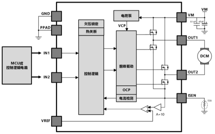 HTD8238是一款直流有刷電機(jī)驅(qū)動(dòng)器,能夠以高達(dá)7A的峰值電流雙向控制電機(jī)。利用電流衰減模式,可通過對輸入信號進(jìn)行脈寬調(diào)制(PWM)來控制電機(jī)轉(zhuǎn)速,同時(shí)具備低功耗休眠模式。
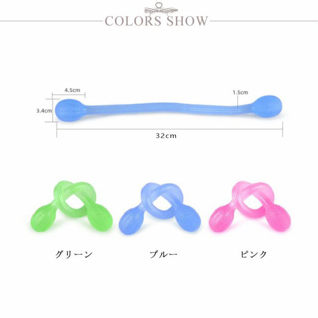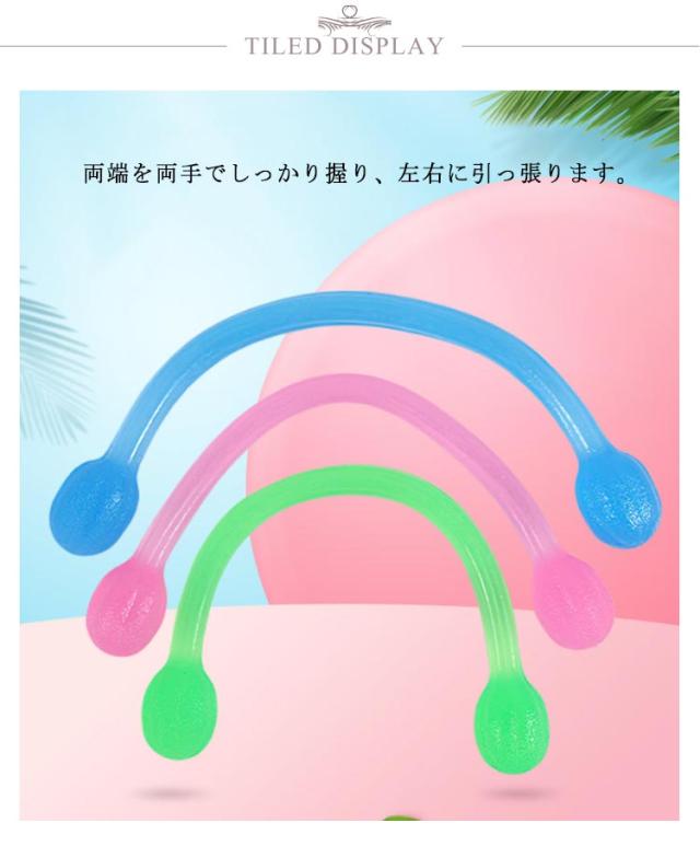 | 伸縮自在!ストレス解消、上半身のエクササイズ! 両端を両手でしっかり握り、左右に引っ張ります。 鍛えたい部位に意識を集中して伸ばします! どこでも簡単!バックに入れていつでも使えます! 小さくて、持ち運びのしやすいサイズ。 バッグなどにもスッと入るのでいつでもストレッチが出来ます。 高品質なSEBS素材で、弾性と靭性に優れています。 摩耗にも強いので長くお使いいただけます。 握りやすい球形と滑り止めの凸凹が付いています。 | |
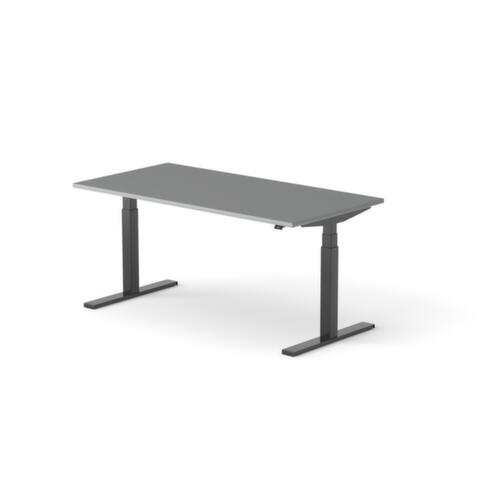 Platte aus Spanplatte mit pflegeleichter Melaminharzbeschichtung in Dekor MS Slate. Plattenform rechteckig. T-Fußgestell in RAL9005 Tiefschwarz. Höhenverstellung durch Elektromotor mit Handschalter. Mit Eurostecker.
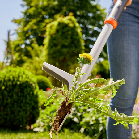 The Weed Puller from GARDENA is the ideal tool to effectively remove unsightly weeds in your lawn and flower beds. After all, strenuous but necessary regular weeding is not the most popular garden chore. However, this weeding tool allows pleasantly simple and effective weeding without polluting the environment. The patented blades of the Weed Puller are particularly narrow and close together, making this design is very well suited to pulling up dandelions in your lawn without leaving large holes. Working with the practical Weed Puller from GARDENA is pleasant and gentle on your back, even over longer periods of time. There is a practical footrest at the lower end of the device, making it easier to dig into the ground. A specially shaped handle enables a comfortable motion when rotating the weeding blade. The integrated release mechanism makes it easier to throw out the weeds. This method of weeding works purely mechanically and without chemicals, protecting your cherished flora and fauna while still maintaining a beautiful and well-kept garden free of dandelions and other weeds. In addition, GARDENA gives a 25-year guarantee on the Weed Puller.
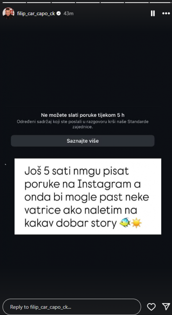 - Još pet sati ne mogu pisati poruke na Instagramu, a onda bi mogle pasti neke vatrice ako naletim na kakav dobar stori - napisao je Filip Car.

▬▬▬

__TASK BRIEF__.
Exactly the lines above, from the one containing "握りやすい球形と滑り止めの凸凹が付いています。 | |" down to the one containing "Platte aus Spanplatte", are to be repeated, including both ends. Pictures are not part of the copy.

__WRITTEN RESPONSE__.
 | 伸縮自在!ストレス解消、上半身のエクササイズ! 両端を両手でしっかり握り、左右に引っ張ります。 鍛えたい部位に意識を集中して伸ばします! どこでも簡単!バックに入れていつでも使えます! 小さくて、持ち運びのしやすいサイズ。 バッグなどにもスッと入るのでいつでもストレッチが出来ます。 高品質なSEBS素材で、弾性と靭性に優れています。 摩耗にも強いので長くお使いいただけます。 握りやすい球形と滑り止めの凸凹が付いています。 | |
 Platte aus Spanplatte mit pflegeleichter Melaminharzbeschichtung in Dekor MS Slate. Plattenform rechteckig. T-Fußgestell in RAL9005 Tiefschwarz. Höhenverstellung durch Elektromotor mit Handschalter. Mit Eurostecker.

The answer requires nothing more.